If I look at the final lines of the first report, It seems to me that the estimated potential speedup with the OpenMP directive is very bad with respect to the last one. Is this normal ? What do I miss ?

Thank you for your comments.

Re: How to vectorize two nested fortran loops with OpenMP directive with COLLAPSE clause ?

jimdempseyatthecove — Mon, 20 Feb 2023 18:13:59 GMT

Due to (nz-2, and nx-2):

do jj = 1, nz-2 do ii = 1, nx-2

You have gaps in the blocks of data. You can only vectorize the inner loop. IOW these loops cannot be collapsed.

Jim Dempsey

Re: How to vectorize two nested fortran loops with OpenMP directive with COLLAPSE clause ?

JohnNichols — Mon, 20 Feb 2023 19:09:59 GMT

Jim

I fail to see why the code uses NZ-2 etc.. if this was lisp one would write a few functions to allow for the equations, there has to be a more efficient method?
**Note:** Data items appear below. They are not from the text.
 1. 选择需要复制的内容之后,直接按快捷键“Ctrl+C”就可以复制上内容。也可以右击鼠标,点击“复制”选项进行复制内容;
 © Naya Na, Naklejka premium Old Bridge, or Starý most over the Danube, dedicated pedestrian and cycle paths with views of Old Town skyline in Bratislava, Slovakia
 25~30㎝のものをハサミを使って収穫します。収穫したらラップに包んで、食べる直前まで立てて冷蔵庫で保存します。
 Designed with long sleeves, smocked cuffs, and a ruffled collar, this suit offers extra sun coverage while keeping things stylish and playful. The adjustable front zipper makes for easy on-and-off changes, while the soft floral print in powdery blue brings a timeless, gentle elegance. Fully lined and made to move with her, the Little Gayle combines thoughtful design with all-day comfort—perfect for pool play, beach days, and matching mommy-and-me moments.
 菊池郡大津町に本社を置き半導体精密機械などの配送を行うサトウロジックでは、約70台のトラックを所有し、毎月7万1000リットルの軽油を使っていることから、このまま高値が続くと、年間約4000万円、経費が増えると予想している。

Re: How to vectorize two nested fortran loops with OpenMP directive with COLLAPSE clause ?

jimdempseyatthecove — Mon, 20 Feb 2023 21:41:45 GMT

Edit,

In looking closer at your code, you have Forces dimensioned as:

real(REAL64), dimension(0:nx-1, 0:nz-1, 0:1), intent(INOUT) :: Forces

Nothing inherently wrong with that, except that your loop is iterating the in indices from 1 to nx-2 and nz-2

This means that indices 0 and nz-1 are skipped over in your do loop. This is the reason why you could not collapse the two loop with vectorization. The collapse requires the collapsed indices to be contiguous.
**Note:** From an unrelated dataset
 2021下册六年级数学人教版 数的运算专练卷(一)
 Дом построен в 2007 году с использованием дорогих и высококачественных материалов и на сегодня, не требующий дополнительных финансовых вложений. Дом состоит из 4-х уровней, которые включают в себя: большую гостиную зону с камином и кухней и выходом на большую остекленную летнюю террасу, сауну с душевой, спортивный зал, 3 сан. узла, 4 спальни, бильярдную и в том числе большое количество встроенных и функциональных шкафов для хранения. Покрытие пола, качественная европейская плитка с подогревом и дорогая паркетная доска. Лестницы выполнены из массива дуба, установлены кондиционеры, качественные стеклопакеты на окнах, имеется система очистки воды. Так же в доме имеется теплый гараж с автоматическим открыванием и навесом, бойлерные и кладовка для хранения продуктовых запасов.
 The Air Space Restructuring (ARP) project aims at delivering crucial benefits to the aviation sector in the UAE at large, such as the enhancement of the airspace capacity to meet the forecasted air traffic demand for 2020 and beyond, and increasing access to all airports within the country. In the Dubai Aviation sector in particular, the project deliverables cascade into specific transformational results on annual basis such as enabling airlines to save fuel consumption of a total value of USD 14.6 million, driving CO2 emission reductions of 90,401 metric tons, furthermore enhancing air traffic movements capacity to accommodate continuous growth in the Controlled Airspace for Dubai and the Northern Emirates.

If you really need collapsing of these loops, then consider dimensioning Forces the same as the other arrays, and then, add the two boundary forces as a separate array.

You will have to trade off "looks odd" with "runs better".

Jim Dempsey

Re: How to vectorize two nested fortran loops with OpenMP directive with COLLAPSE clause ?

jimdempseyatthecove — Mon, 20 Feb 2023 21:48:16 GMT

John,

Assume you have a string you wish to simulate.

Assume the end points are affixed to some structure.

Assume the dynamics of the string is simulated by synthesizing beads along the length of the string.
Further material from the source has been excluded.